Urbem's 'Wonderful Business' Series: City of London Investment Group

A sustainable asset management model

U.K.-based City of London Investment Group (LSE:CLIG) is an institutional asset manager focused on closed-end fund investments. As of the end of fiscal 2019, the company manages nearly $5.4 billion in funds, mainly for institutional clients (3.5% in European accounts, 93.1% in U.S. accounts and 3.4% in other accounts).

Through a consistent track record of outperformance, City of London Investment Group earned its reputation in the closed-end fund space. In the investment world, this is a rare asset class, where the market efficiency hypothesis no longer applies. The company’s principal investment strategy is to benefit from the narrowing discount on CEF to net asset value through a variety of corporate actions, including open-ended, tender offers and liquidation. The closed-end fund discount has been a mystery for decades, and as long as the phenomenon continues to exist, the company can rely on the same old approach to add value to clients in the foreseeable future.

City of London Investment Group was established in 1991 by Barry Olliff, who then had already accumulated more than 20 years of experience in the closed-end fund sector and recognized the opportunity to expand into emerging markets. Since then, Olliff’s efforts and commitment have built the company’s value-driven and prudential culture, which is rare among many asset managers. Per the latest filing, the founder owns 7.6% of total shares outstanding, while the other individual insiders hold 9.6% in aggregate. Investors should be aware that Olliff just retired from his long-standing roles of CEO and chief investment officer and will be retiring from the executive director role at the end of this year, though he is going to remain available as a consultant for another two-year period. At the same time,he claims he will sell his company shares only when the price is above specific levels after his retirement.

We believe the company’s expertise in the closed-end fund strategy should protect the business from significant headwinds that most asset managers have been struggling with, including the “race to zero (fee)” and the rise of passive investing. Beating the market is the most significant value of an active money manager. City of London Investment Group has a decades-long track record of outperforming its benchmark, which takes time and effort for its peers to replicate from ground zero.

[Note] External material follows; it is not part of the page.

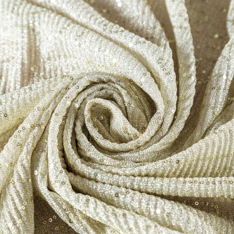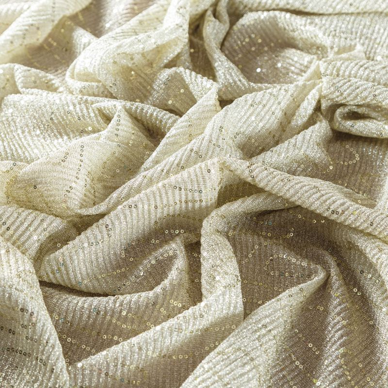 Сложнейшее переплетение люрексовой и металлизированной нити, мерцание пайеток, а также волнообразное гофре создают впечатление живой ткани, которая меняет свой цвет при каждом движении и направлении преломления света. Ткань тонкая, легкая, подойдет для пошива платья, юбки на подкладе, туники, блузы, комбинезона, топа.

Moreover, staying within the circle of competence in the closed-end fund niche, which may not be lucrative enough for larger-scale firms to allocate a large number of resources, would automatically fend off competition.

Per the chart below, City of London Investment Group consistently earned a top-notch return on assets among our select group of asset managers, including Federated Investors (FII), T.Rowe Price (NASDAQ:TROW), Ashmore Group (LSE:ASHM), Eaton Vance (NYSE:EV) and Cohen & Steers (NYSE:CNS).

Although City of London Investment Group is most reputed in the emerging markets, closed-end fund investing, management has been diversifying the business with the development of a range of non-emerging market products (i.e., Developed, Frontier and Opportunistic Value). We noticed that these extension products represent 22% of the total assets under management at the company at the end of fiscal 2019 (compared to 18% in the previous year and less than 10% in 2015). Moving forward, the company can continue to launch new products in adjacent areas within or related to the closed-end fund universe (e.g., real estate investment trust). Considering the loyal client base, we think that cross-selling may well support further market penetration.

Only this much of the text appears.